Phase Noise Properties#

Shared synthesizer across all Tx channels

Phase noise is modelled at the transmitter level, not per channel. All Tx channels in an antenna array share a single synthesizer, so they experience exactly the same phase noise process \(\phi(t)\). A single phase noise realization is generated once per frame and applied identically to every Tx channel.

Independent across frames

Each frame receives a fresh, statistically independent phase noise realization. When a deterministic seed is supplied the per-frame seed is derived as \(\text{seed} + \text{frame\_idx}\), guaranteeing reproducibility while keeping frames uncorrelated.

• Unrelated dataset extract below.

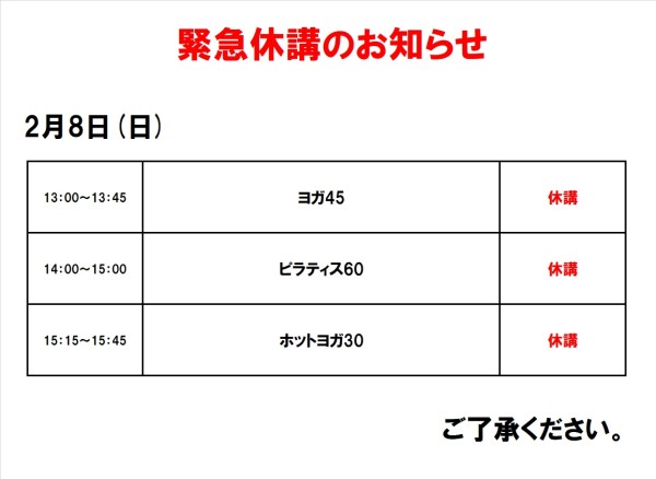 緊急休講のお知らせ(2月8日)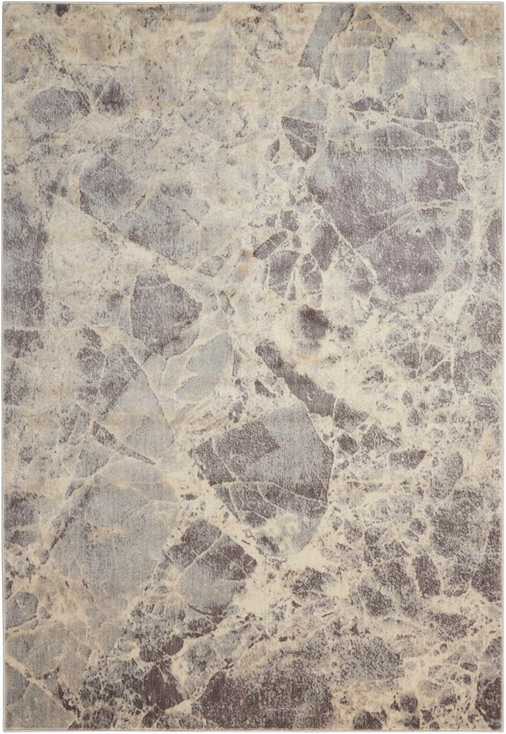 A rectangular area rug with an allover abstract marble-inspired pattern. The surface is dominated by cool medium gray tones with irregular organic shapes — resembling natural stone slabs or broken marble pieces — separated by thin cream and light beige veining lines that wind across the entire field. The gray areas vary in depth from mid-gray to slightly darker charcoal, giving the pattern a layered, dimensional quality. The background between the shapes is a warm cream-beige. The texture appears smooth and low-to-medium pile with a slightly worn, distressed quality to the surface finish. Edges are cleanly bound with no fringe or tassels. The overall impression is of a sophisticated, stone-like surface with a calm, neutral, modern aesthetic.

Deterministic given a seed

Providing the same seed to Radar always produces the same phase noise sequence for every frame, enabling reproducible simulations and unit tests.

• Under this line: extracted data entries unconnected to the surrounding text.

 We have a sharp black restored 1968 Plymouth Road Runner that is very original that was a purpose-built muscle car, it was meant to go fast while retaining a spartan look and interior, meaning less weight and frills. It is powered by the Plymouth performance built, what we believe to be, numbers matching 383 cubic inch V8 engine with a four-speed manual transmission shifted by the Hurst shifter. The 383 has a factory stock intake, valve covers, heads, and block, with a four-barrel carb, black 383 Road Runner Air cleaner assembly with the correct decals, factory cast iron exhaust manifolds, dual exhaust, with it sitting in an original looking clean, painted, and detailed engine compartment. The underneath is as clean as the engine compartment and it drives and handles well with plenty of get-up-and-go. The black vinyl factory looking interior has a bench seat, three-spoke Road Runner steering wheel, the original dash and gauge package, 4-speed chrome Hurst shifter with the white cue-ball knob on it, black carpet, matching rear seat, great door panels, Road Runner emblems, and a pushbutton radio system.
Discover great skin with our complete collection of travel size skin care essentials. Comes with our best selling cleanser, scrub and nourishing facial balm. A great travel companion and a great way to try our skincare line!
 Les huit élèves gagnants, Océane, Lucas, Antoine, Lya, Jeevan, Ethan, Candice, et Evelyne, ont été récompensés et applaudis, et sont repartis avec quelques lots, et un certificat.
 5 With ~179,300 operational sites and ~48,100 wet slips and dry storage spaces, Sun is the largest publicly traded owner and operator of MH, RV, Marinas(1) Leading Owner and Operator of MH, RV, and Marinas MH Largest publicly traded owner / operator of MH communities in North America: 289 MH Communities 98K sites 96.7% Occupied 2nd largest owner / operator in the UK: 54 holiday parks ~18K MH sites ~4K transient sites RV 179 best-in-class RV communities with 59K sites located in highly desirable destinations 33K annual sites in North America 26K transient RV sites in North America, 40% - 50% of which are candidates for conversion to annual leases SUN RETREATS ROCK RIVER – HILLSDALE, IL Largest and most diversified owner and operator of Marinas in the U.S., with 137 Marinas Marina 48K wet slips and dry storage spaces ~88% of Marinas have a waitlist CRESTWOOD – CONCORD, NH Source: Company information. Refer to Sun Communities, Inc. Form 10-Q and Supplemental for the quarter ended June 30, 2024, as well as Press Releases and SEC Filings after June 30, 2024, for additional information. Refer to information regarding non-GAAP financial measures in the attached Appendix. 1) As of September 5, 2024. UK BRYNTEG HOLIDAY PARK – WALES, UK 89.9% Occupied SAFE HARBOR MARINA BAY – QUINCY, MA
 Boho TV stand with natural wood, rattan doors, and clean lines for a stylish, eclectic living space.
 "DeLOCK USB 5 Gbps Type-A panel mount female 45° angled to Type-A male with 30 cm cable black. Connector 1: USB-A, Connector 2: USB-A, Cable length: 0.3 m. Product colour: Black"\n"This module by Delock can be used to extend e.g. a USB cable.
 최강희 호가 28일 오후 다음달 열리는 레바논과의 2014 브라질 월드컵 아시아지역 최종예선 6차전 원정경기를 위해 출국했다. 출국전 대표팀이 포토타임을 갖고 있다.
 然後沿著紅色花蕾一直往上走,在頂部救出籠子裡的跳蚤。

Impact on Radar Return Signals#

Phase noise modulates the transmitted waveform and therefore appears on every received echo. Its effect on the baseband (IF) signal depends on the two-way propagation delay \(\tau\) of the target:

\[s_{\mathrm{IF}}(t) \propto e^{\,j[\phi(t) - \phi(t-\tau)]}\]
  • Range correlation effect — because the same oscillator drives both the transmitter and the receiver LO mixer, the transmitted phase noise \(\phi(t)\) and the delayed replica \(\phi(t-\tau)\) are correlated. For short-range targets (\(\tau \ll 1/f_{\mathrm{3dB}}\), where \(f_{\mathrm{3dB}}\) is the corner frequency of the phase noise spectrum) the two terms nearly cancel and the residual IF phase noise is small.

  • Long-range degradation — as \(\tau\) increases the correlation decreases and the residual phase noise grows, raising the noise floor and degrading the signal-to-noise ratio for distant targets.

  • Doppler smearing — rapid phase fluctuations spread target energy across adjacent Doppler bins, raising the integrated sidelobe level in the Doppler dimension.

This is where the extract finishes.